» Task item: Copy the listing below exactly. Pictures stay out of it.

» Source data:
----

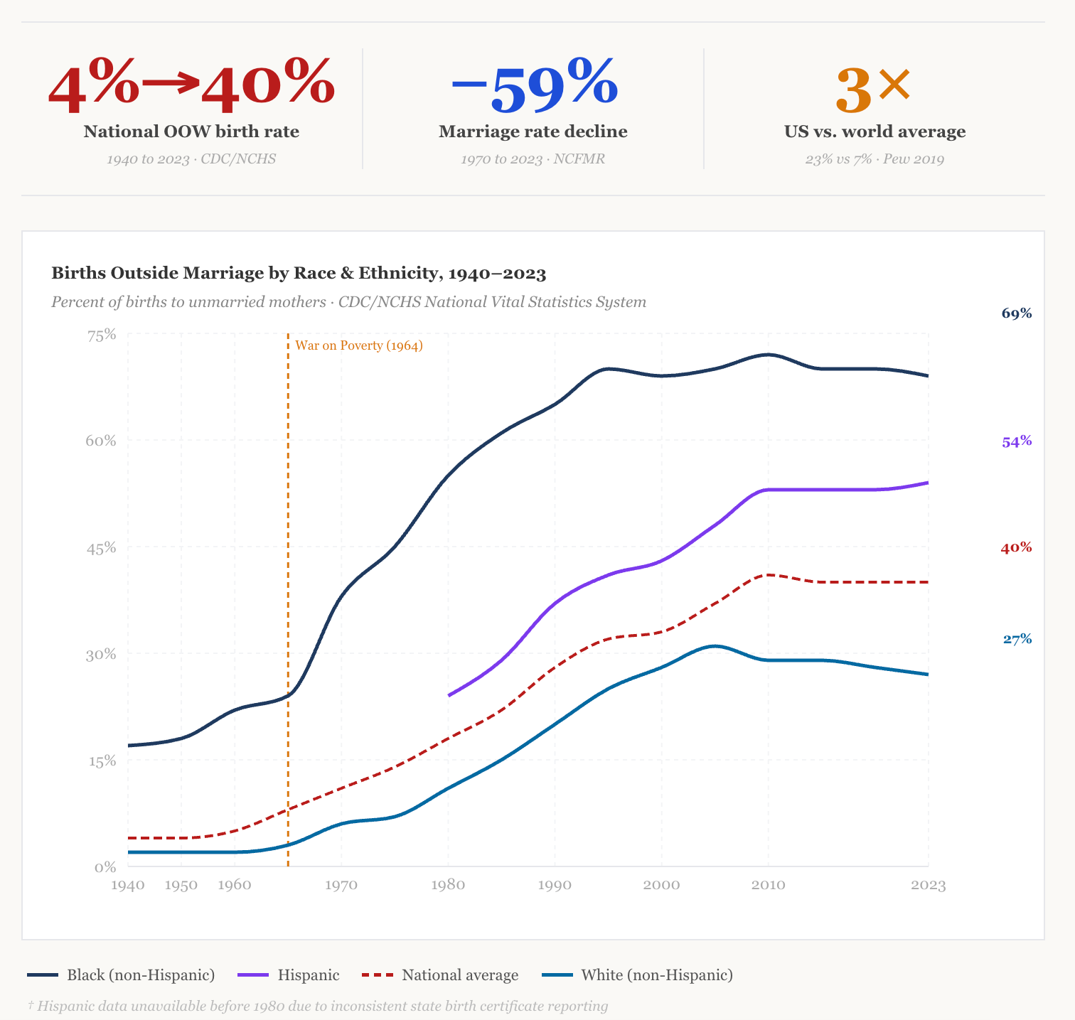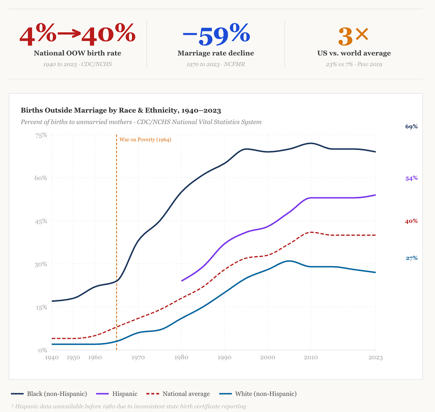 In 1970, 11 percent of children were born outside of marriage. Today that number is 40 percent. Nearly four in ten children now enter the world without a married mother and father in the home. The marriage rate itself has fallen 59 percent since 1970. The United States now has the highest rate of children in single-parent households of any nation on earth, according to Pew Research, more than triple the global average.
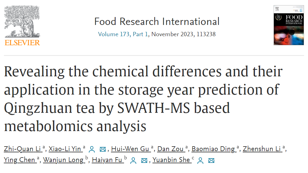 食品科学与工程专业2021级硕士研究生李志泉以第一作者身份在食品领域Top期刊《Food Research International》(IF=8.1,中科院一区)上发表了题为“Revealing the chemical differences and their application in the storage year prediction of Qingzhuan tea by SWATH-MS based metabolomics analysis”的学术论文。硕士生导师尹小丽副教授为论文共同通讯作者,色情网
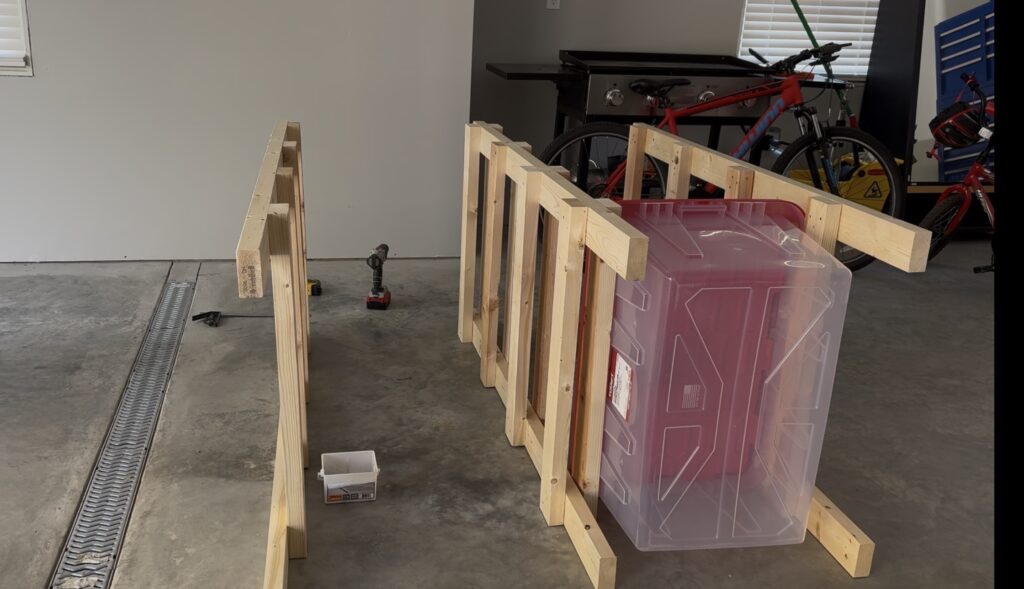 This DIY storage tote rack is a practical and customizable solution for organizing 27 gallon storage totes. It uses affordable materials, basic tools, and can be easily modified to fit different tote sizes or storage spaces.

----

» Response:
 In 1970, 11 percent of children were born outside of marriage. Today that number is 40 percent. Nearly four in ten children now enter the world without a married mother and father in the home. The marriage rate itself has fallen 59 percent since 1970. The United States now has the highest rate of children in single-parent households of any nation on earth, according to Pew Research, more than triple the global average.
 食品科学与工程专业2021级硕士研究生李志泉以第一作者身份在食品领域Top期刊《Food Research International》(IF=8.1,中科院一区)上发表了题为“Revealing the chemical differences and their application in the storage year prediction of Qingzhuan tea by SWATH-MS based metabolomics analysis”的学术论文。硕士生导师尹小丽副教授为论文共同通讯作者,色情网
 This DIY storage tote rack is a practical and customizable solution for organizing 27 gallon storage totes. It uses affordable materials, basic tools, and can be easily modified to fit different tote sizes or storage spaces.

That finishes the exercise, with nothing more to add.